SET(CMAKE_SKIP_BUILD_RPATH FALSE)
SET(CMAKE_BUILD_WITH_INSTALL_RPATH FALSE)
SET(CMAKE_INSTALL_RPATH "${CMAKE_INSTALL_PREFIX}/lib64")
SET(CMAKE_INSTALL_RPATH_USE_LINK_PATH TRUE)
SET(CMAKE_INSTALL_RPATH "${CMAKE_INSTALL_PREFIX}/lib64")
set(LD_LIBRARY_PATH ${LD_LIBRARY_PATH}:${Matlab_ROOT_DIR}/extern/bin/glnxa64:${Matlab_ROOT_DIR}/sys/os/glnxa64)
include_directories(${Matlab_ROOT_DIR}/extern/include/)
link_directories(${Matlab_ROOT_DIR}/extern/bin/glnxa64)
else ()
message(STATUS "MATLAB NOT FOUND")
endif ()
add_executable(
data_processor
src/data_processor.cpp
src/processor.cpp
src/headers/processor.h
src/python_processor.cpp
src/matlab_processor.cpp
src/compiled_matlab_processor.cpp
src/matlab_processor_interface.cpp
src/headers/matlab_processor.h
src/headers/python_processor.h
src/headers/compiled_matlab_processor.h
src/headers/scheduling_utils.h
src/headers/scheduling_utils.cpp
src/headers/matlab_processor_interface.h
src/headers/fpga_event.h
src/headers/data_processor.h
src/headers/matlab_helpers.h
src/matlab_helpers.cpp)
target_include_directories(data_processor
PUBLIC
$<BUILD_INTERFACE:${CMAKE_CURRENT_SOURCE_DIR}/lib>
$<INSTALL_INTERFACE:lib>)
ament_target_dependencies(data_processor rclcpp std_msgs mtms_interfaces fpga_interfaces)
if (Matlab_FOUND)
# MATLAB, Linker to libMatlabEngine in link_directories
target_link_libraries(data_processor MatlabDataArray)

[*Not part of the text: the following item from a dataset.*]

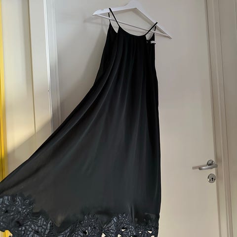 Svart mönstrad klänning med gröna blad. Knytband som kan knytas i ryggen eller i midjan beroende på vilken siluett man vill ha. V-ringad urringning, har 2 fickor i sidan.
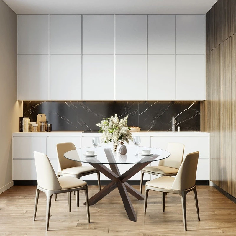 Timber takes the spotlight in this work of art that doubles as a dining table. The Kent’s 10mm glass top provides the perfect lens to admire its solid rubberwood base—three angled posts that lend an earthy, eye-catching aesthetic to any dining room. Plus, with seating for up to five, family meals and intimate gatherings are practically what it’s built for.

target_link_libraries(data_processor MatlabEngine)
endif ()
# Python
find_package(PythonLibs)
if (PYTHONLIBS_FOUND)
message(STATUS "Python found")
include_directories(${PYTHON_INCLUDE_DIRS})

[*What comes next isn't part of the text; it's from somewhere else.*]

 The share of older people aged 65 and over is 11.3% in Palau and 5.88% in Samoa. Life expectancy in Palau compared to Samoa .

target_link_libraries(data_processor ${PYTHON_LIBRARIES})
else ()
message(STATUS "Python not found")
endif ()
install(TARGETS
data_processor
DESTINATION lib/${PROJECT_NAME}
)
install(
DIRECTORY launch
DESTINATION share/${PROJECT_NAME}
)
if (BUILD_TESTING)
find_package(ament_lint_auto REQUIRED)
ament_lint_auto_find_test_dependencies()
endif ()
ament_package()
I simply use colcon build --packages-select <ros package> --cmake-args -DCMAKE_BUILD_TYPE=Release
to build the project. The compiler used is GNU 9.4.0.